Other exploratory approaches: Several additional therapeutic strategies directed at more specific mechanisms are also under continuous development. For example, supplementation with IFN-α or IFN-β to restore early antiviral responses has shown potential clinical benefit. A multicenter retrospective study reported that early IFN-α administration was associated with lower in-hospital mortality, and a randomized controlled trial (RCT) demonstrated that inhaled IFN-β significantly improved clinical outcomes (130, 131). In addition, removal of NETs is considered an important approach for interrupting immunothrombosis. Preclinical studies have shown that local delivery of DNase I can continuously degrade pulmonary NETs, alleviate NET-mediated inflammation and tissue injury, and markedly improve pathological features in models of acute lung injury (132). These exploratory therapies provide an important foundation for the development of future precision immunomodulatory strategies.
5.2.3 Anticoagulation and regulation of immunothrombosis
In both viral sepsis and bacterial sepsis, microvascular immunothrombosis is a central pathological process that contributes to impaired organ perfusion and tissue injury. Anticoagulation therefore serves not only to prevent thromboembolism but also to suppress immunothrombus formation, improve microcirculatory perfusion, and mitigate endothelial injury. Unfractionated heparin and low molecular weight heparin have been widely used for thromboprophylaxis and treatment in COVID-19 because they combine anticoagulant, anti-inflammatory, and potential endothelial-protective effects (132). Nevertheless, the choice between therapeutic-dose and prophylactic-dose heparin in critically ill patients with COVID-19 remains controversial. Clinical decisions require an integrated assessment of thrombotic risk, bleeding tendency, inflammatory burden, and coagulation profile, with individualized dosing strategies. In classical bacterial sepsis, when sepsis-induced coagulopathy or DIC is present, prophylactic-dose heparin is typically preferred. Initiation of anticoagulation is generally considered only when there is no significant bleeding risk[ (133, 134). Compared with viral sepsis, which is characterized by a predominant hypercoagulable state and in situ thrombosis, anticoagulation in bacterial sepsis is more focused on preventing ongoing consumption of coagulation factors and suppressing diffuse microvascular clot deposition.
Furthermore, direct oral anticoagulants (DOACs) demonstrate potential utility in long-term thromboprophylaxis following discharge for patients with COVID-19-associated thromboembolism. However, evidence regarding their safety and efficacy during the acute in-hospital phase, particularly in critically ill patients, remains limited. Therefore, DOACs have not been recommended as first-line anticoagulant therapy in this setting (135, 136). Consequently, with the deepening understanding of immunothrombosis mechanisms, anticoagulation management is gradually shifting from a traditional empiric dosing model toward a precision framework guided by underlying pathology.

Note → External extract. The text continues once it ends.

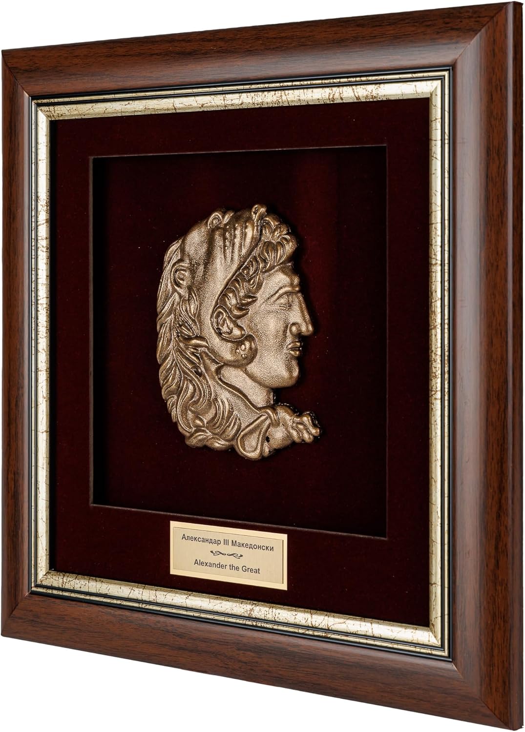 Alexander the Great was more than a conqueror. He was a visionary, a master tactician, and a symbol of strength whose influence still echoes across the world today. This museum-quality portrait captures the legendary figure of Alexander III of Macedonia draped in his iconic lion’s head cloak, a mark of both divine favor and heroic power. Modeled after ancient Macedonian coins and sculpture, this finely detailed piece honors a ruler who reshaped continents and cultures. Whether admired for its artistry or cherished for its historical importance, this framed artifact brings depth and dignity to any collection or space.We create more than replicas—we preserve stories. Our pieces are made with care, research, and respect for the cultural legacies they represent. When you choose this artifact, you’re not just buying a decorative item. You’re honoring a world-shaping legacy with a piece worthy of display.
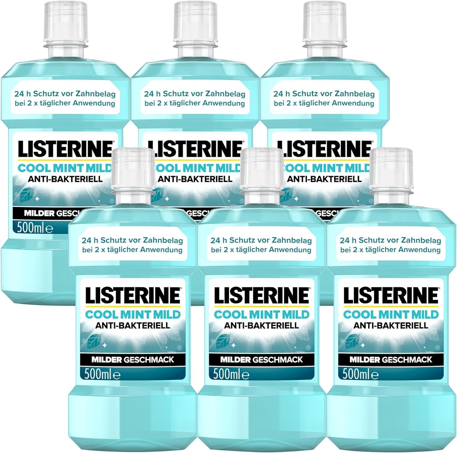 Listerine Cool Mint Mild (6x 500 ml) 🦷 antibakterielle Mundspülung mit ätherischen Ölen & ohne Alkohol

In the future, dynamically tailoring anticoagulant intensity and timing based on multi-dimensional biomarkers, such as D-dimer levels, fibrinolysis inhibition markers, and thromboelastography parameters, could maximize antithrombotic benefits while minimizing bleeding risk. This approach would establish a more robust evidence base for individualized anticoagulant management.
5.2.4 Endothelial protection and repair strategies
In the endothelial immune thrombotic storm, endothelial cells are not only the earliest targets of injury but also the central hub through which inflammation, coagulation, and microcirculatory dysfunction reinforce one another. Restoring endothelial barrier stability, suppressing the shift toward proinflammatory and procoagulant phenotypes, and maintaining microvascular perfusion are therefore critical therapeutic directions for interrupting this vicious cycle.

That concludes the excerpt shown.